What to do — Only an exact repetition of the lines from the one holding "Pantalone dal taglio" to the end of the data is wanted, with pictures left out.

Data below section start

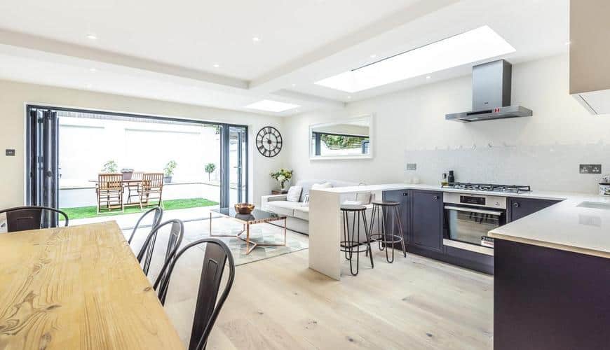 The Bi-folding and Flat glazed skylights, all supplied and fitted by Clapham construction service, maintain the connection to the natural light and the garden. We love projects that are simple in terms of the application process and with the new relaxation measure on householder development works introduced by the government since September 2020, we hope projects like this will become even easier to obtain as permitted development rights begin to expand.
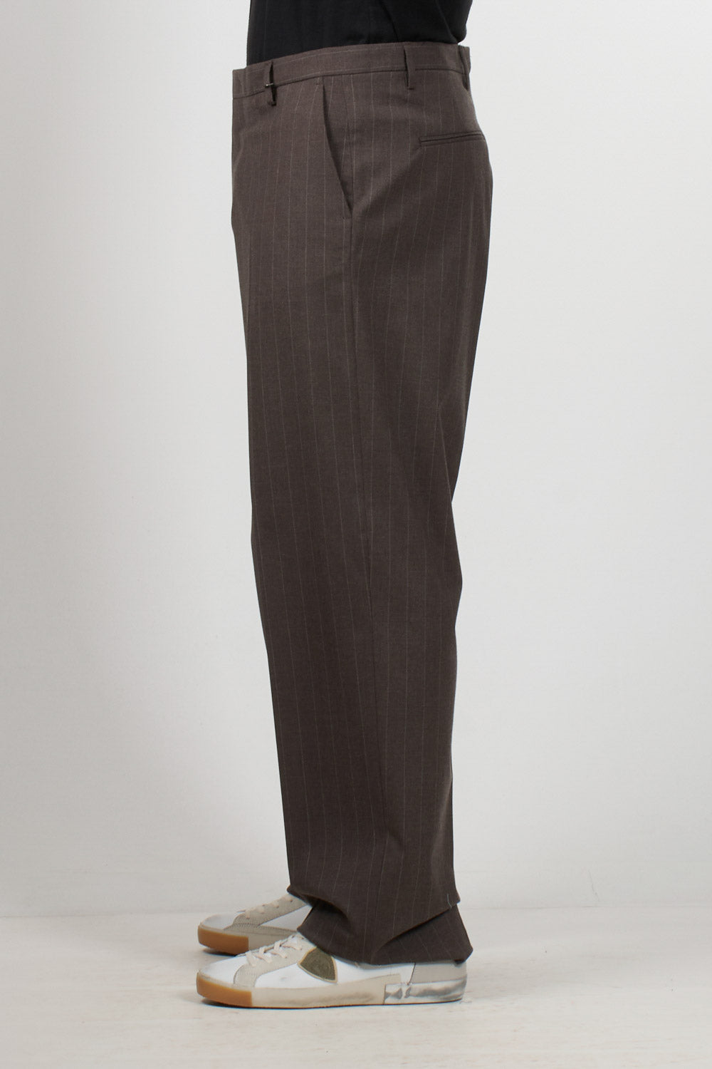 Pantalone dal taglio morbido con gamba ampia e linea gessata sottile. Un modello versatile che unisce comfort e stile, perfetto per completare outfit casual o eleganti.
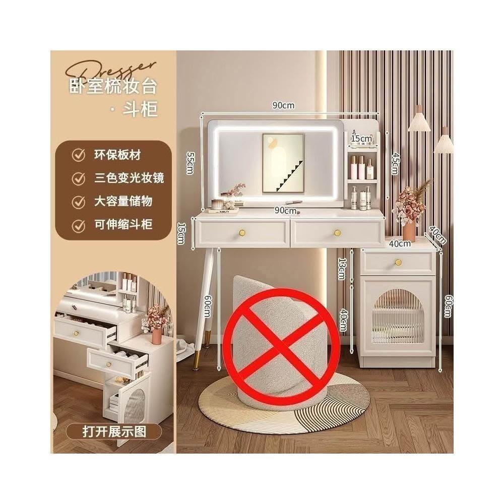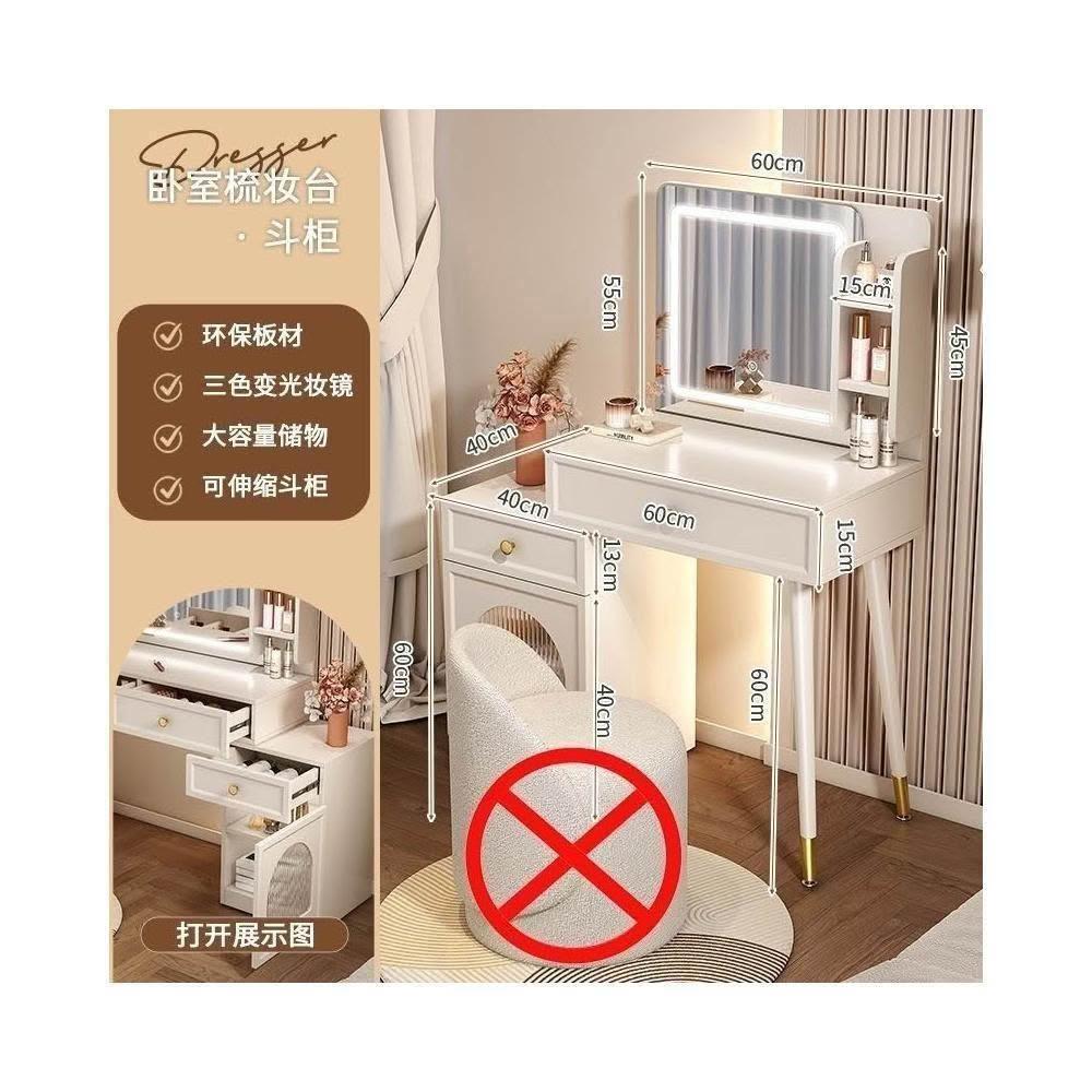 - 帶燈鏡+多格儲物櫃,妝護更省心

Data below section end

Task answer —
 Pantalone dal taglio morbido con gamba ampia e linea gessata sottile. Un modello versatile che unisce comfort e stile, perfetto per completare outfit casual o eleganti.
 - 帶燈鏡+多格儲物櫃,妝護更省心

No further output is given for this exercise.